Unique Channel IDs: 64
Unique Channel Usernames: 7


### Video Extraction Functions for YouTube API

In [67]:
def get_channel_stats(youtube, channel_id, id_type):
    
    # Get the YouTube API response based on the IDs you scrape using scrape_channel_ids

    # Parameters:
    # youtube: result of make_client
    # channel_id: scraped ID
    # id_type: 'channel_id' or 'channel_username'

    if id_type == 'channel_id':
        request = youtube.channels().list(
            part = 'snippet,contentDetails,statistics',
            id=channel_id
        )

        response = request.execute()
  
    if id_type == 'channel_username':
        request = youtube.channels().list(
        part = 'snippet,contentDetails,statistics',
        forUsername=channel_id
        )

        response = request.execute()
    
    return response['items']

def get_video_list(youtube, upload_id):

    # Get a channel's videos based on the upload id

    # Parameters:
    # youtube: result of make_client
    # upload_id:  channel_stats[0]['contentDetails']['relatedPlaylists']['uploads']

    video_list = []
    request = youtube.playlistItems().list(
        part="snippet,contentDetails",
        playlistId=upload_id,
        maxResults=50
    )
    next_page = True
    while next_page:
        response = request.execute()
        data = response['items']

        for video in data:
            video_id = video['contentDetails']['videoId']
            if video_id not in video_list:
                video_list.append(video_id)

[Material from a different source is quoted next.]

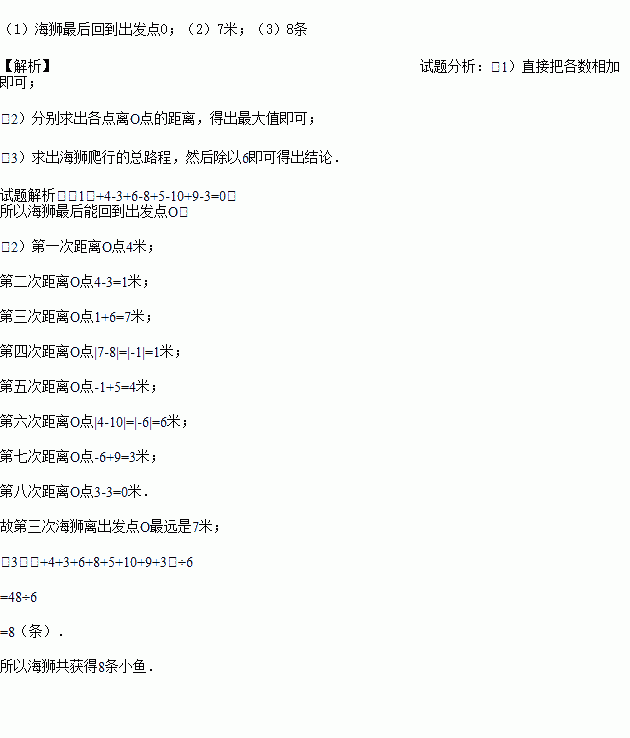 南山公园海狮馆为迎接“十一”黄金周,训练海狮做不同的游戏。海狮从某点O出发在一条直线上来回爬动。假定向右爬行的路程记为正数,向左爬行记为负数,爬行的路程依次为(单位米):
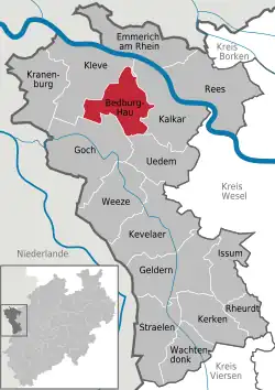 Bedburg-Hau is a municipality in the district of Kleve in the state of North Rhine-Westphalia, Germany. It is located approximately 5 km south-east of Kleve.

        if 'nextPageToken' in response.keys():
            next_page = True
            request = youtube.playlistItems().list(
                part="snippet,contentDetails",
                playlistId=upload_id,
                pageToken=response['nextPageToken'],
                maxResults=50
            )
        else:
            next_page = False

    return video_list

def get_video_details(youtube, video_list):

    # Extract the columns needed for the final data frame based on the video list

    # Parameters:
    # youtube: result of make_client
    # video_list: videos from get_video_list

    stats_list=[]
    for i in range(0, len(video_list), 50):
        request= youtube.videos().list(
            part="snippet,contentDetails,statistics",
            id=video_list[i:i+50]
        )

        data = request.execute()
        for video in data['items']:
            chan_id = video['snippet']['channelId']
            vid_id = video['id']
            vid_name = video['snippet']['title']
            vid_publish_dt = video['snippet']['publishedAt']
            vid_thumb = video['snippet']['thumbnails']['default']['url']
            vid_duration = video['contentDetails']['duration']
            vid_caption = video['contentDetails']['caption']
            vid_viewcount = video['statistics'].get('viewCount',0)
            vid_likecount = video['statistics'].get('likeCount',0)
            vid_commentcount = video['statistics'].get('commentCount',0)
            data_dict=dict(chan_id=chan_id, vid_id=vid_id, vid_name=vid_name, vid_publish_dt=vid_publish_dt,
                          vid_thumb=vid_thumb,vid_duration=vid_duration,vid_caption=vid_caption,vid_viewcount=vid_viewcount,
                          vid_likecount=vid_likecount,vid_commentcount=vid_commentcount)
            stats_list.append(data_dict)

    return stats_list

def create_video_df(youtube, channel_ids, id_type):

    # Input a list of channel IDs, and this function outputs all videos for those channel IDs in the format needed for this project

    # Parameters:
    # youtube: result of make_client
    # channel_ids: list of channel IDs
    # id_type: 'channel_id' or 'channel_username' 

    channel_dfs = []
    vid_dfs = []
    for channel_id in channel_ids:
        try:
            channel_stats = get_channel_stats(youtube, channel_id, id_type)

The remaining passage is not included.